■ **Aim of the exercise**
Below are some records; quote exactly the lines from the one that contains "Das Volksbuch „Pontus" through the one that contains "Achteraan het perceel", inclusive, and no others.

■ **Input data**
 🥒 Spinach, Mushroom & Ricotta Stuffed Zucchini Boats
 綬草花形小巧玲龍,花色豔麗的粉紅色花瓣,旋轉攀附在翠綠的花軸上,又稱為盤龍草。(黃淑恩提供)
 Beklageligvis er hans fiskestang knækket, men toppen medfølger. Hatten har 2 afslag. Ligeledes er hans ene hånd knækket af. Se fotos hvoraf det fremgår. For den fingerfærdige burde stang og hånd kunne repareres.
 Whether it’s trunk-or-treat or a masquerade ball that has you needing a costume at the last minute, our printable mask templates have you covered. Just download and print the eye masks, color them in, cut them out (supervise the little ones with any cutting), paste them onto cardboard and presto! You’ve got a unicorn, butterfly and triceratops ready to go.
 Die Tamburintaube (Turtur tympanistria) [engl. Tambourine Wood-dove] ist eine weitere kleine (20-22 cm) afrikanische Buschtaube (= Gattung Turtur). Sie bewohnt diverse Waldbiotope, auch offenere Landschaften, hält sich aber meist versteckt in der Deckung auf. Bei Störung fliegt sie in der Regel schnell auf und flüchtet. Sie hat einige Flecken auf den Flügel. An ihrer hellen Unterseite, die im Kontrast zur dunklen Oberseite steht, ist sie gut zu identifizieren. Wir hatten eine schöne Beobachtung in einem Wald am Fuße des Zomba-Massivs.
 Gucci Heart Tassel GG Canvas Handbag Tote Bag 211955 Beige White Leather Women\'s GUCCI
...
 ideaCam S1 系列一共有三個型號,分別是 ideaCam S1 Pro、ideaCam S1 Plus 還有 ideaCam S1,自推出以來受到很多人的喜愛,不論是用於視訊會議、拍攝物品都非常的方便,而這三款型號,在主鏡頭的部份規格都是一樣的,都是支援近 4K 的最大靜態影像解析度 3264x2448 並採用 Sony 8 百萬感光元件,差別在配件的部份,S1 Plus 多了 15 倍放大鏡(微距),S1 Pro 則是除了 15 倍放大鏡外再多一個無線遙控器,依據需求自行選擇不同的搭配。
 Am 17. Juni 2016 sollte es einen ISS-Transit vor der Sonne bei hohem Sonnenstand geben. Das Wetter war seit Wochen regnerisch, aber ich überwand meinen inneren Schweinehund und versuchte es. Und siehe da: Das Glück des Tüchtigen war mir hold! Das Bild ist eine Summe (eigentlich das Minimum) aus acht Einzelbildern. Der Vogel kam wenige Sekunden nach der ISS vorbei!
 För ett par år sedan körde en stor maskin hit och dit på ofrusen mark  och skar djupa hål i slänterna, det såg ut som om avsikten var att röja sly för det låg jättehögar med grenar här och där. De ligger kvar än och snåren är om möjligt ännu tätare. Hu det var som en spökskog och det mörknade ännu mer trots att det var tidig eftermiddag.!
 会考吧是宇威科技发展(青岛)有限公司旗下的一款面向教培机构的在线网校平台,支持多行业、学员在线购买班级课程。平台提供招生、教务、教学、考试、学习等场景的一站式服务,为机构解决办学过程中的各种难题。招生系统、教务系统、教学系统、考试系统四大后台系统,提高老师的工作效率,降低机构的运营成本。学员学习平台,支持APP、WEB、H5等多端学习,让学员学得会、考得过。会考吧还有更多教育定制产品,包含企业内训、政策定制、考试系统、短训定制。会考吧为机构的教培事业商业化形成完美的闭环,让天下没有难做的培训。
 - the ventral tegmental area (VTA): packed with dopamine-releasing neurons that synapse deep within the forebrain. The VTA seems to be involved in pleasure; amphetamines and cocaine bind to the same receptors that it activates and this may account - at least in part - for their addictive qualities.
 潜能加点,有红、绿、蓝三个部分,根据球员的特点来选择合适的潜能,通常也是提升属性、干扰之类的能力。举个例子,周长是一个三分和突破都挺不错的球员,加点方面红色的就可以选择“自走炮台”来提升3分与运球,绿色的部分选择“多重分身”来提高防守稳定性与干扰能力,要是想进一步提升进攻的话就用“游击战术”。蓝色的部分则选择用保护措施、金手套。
* * *
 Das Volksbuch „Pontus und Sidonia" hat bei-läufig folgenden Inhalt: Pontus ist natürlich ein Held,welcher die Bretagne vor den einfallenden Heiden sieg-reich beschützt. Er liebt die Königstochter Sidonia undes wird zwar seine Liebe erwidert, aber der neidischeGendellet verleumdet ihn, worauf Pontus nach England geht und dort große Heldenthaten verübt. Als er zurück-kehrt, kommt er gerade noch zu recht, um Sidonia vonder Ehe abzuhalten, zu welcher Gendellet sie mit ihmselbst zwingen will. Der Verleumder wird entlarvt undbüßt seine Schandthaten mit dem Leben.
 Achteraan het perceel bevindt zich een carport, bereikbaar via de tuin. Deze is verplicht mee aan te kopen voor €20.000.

■ **Solution for this task**
 Das Volksbuch „Pontus und Sidonia" hat bei-läufig folgenden Inhalt: Pontus ist natürlich ein Held,welcher die Bretagne vor den einfallenden Heiden sieg-reich beschützt. Er liebt die Königstochter Sidonia undes wird zwar seine Liebe erwidert, aber der neidischeGendellet verleumdet ihn, worauf Pontus nach England geht und dort große Heldenthaten verübt. Als er zurück-kehrt, kommt er gerade noch zu recht, um Sidonia vonder Ehe abzuhalten, zu welcher Gendellet sie mit ihmselbst zwingen will. Der Verleumder wird entlarvt undbüßt seine Schandthaten mit dem Leben.
 Achteraan het perceel bevindt zich een carport, bereikbaar via de tuin. Deze is verplicht mee aan te kopen voor €20.000.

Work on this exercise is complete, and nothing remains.